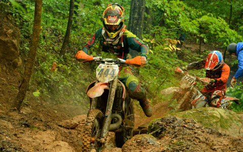 Though it’s possibly less famous than the roads and races, Tennessee is known by locals for its sporadic mountain weather in certain regions which leads to common sayings like, “Don’t like the weather? Hang on little bit and it’ll change.” The weather reinforced this adage on Sunday with a strong summer shower during the second knockout round. It watered the boulder gardens and turned the loose dirt hill climbs into sloppy muddy ascends. The shower didn’t last a half an hour, but it completely transformed the course. Correct lines through the brutal terrain were suddenly morphed into cascading mudslides that were impassable to anyone except the front runners, a few of whom, danced through as though it had never rained. It was fascinating to see how the course changed throughout the day as riders chose different lines during the race. The Tennessee Knock Out definitely earns its classification as an Extreme Enduro. Some of the competitors were so tired it looked as if they could barely hang on to the handlebars as they navigated the brutal terrain.
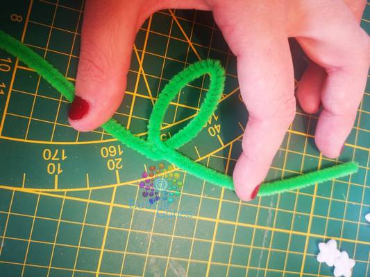 J’ai collé les bâtonnets pour former un cadre carré avec la colle UHU créativ’ bois & matérieux naturel UHU. J’ai tamponné le bois avec de la peinture acrylique jaune, violet, rose et blanc. Le temps que la peinture sèche, j’ai construit mon brin de muguet avec deux cure pipes vert. J’ai plié en deux puis en quatre pour réaliser les feuilles.
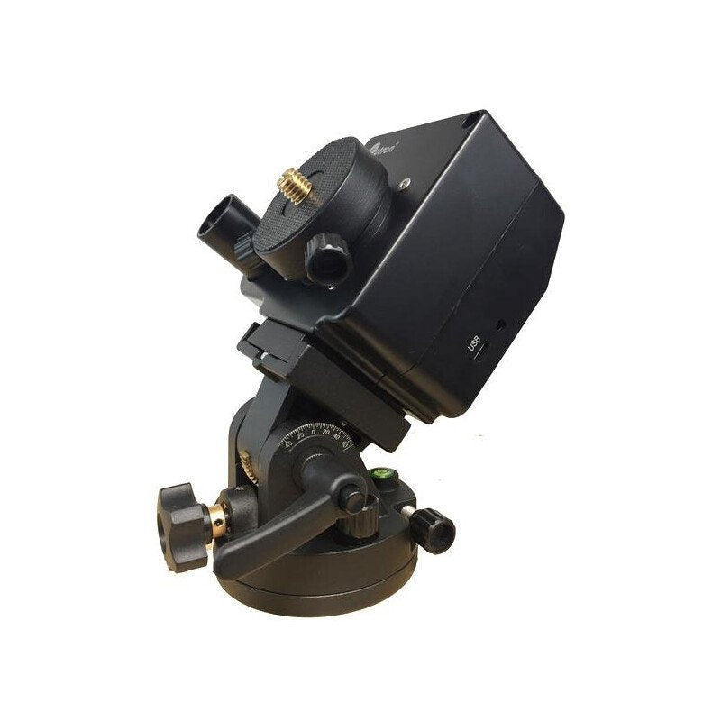 - una base che, oltre a essere regolabile in altezza e in azimut, è rimovibile; questo permette di posizionare l'inseguitore SkyTracker Pro su un treppiede fotografico; l'innesto della base è compatibile con i comuni innesti fotografici da 1/4" e 3/8"
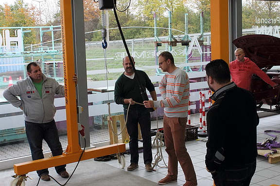 Oktober 2015 – „In den vergangenen beiden Wochen haben an zehn Unterrichtstagen insgesamt 103 Mitarbeiter, darunter erfreulicherweise auch einige Damen, erfolgreich ihre Ausbildung zum Kranführer absolviert! Alle Teilnehmer sind mittlerweile als Gabelstaplerfahrer bei Kunden im Einsatz. Sie benötigen diese Weiterbildung, weil sie bei den Gabelstaplern regelmäßig selbst die Antriebsbatterien wechseln und das ist ohne entsprechendes Wissen nicht sicher genug umzusetzen“, erklärt Akademieleiter Andreas Lichtenfeld. Schmunzelnd fügt er hinzu: „Ich würde sehr gerne auch noch mehr Frauen in diesen Berufen ausbilden. Man verdient gut, es sind sehr gute Arbeitsplätze und es gibt eigentlich überhaupt keinen Grund, warum diese Berufe eine Männerdomäne sind.“

# ABOUT THIS EXERCISE
Using the material above, reproduce only the lines that run from the line with "J’ai collé les" up to and including the line with "- una base che, oltre", exactly, with the pictures dropped.

# WRITTEN ANSWER
 J’ai collé les bâtonnets pour former un cadre carré avec la colle UHU créativ’ bois & matérieux naturel UHU. J’ai tamponné le bois avec de la peinture acrylique jaune, violet, rose et blanc. Le temps que la peinture sèche, j’ai construit mon brin de muguet avec deux cure pipes vert. J’ai plié en deux puis en quatre pour réaliser les feuilles.
 - una base che, oltre a essere regolabile in altezza e in azimut, è rimovibile; questo permette di posizionare l'inseguitore SkyTracker Pro su un treppiede fotografico; l'innesto della base è compatibile con i comuni innesti fotografici da 1/4" e 3/8"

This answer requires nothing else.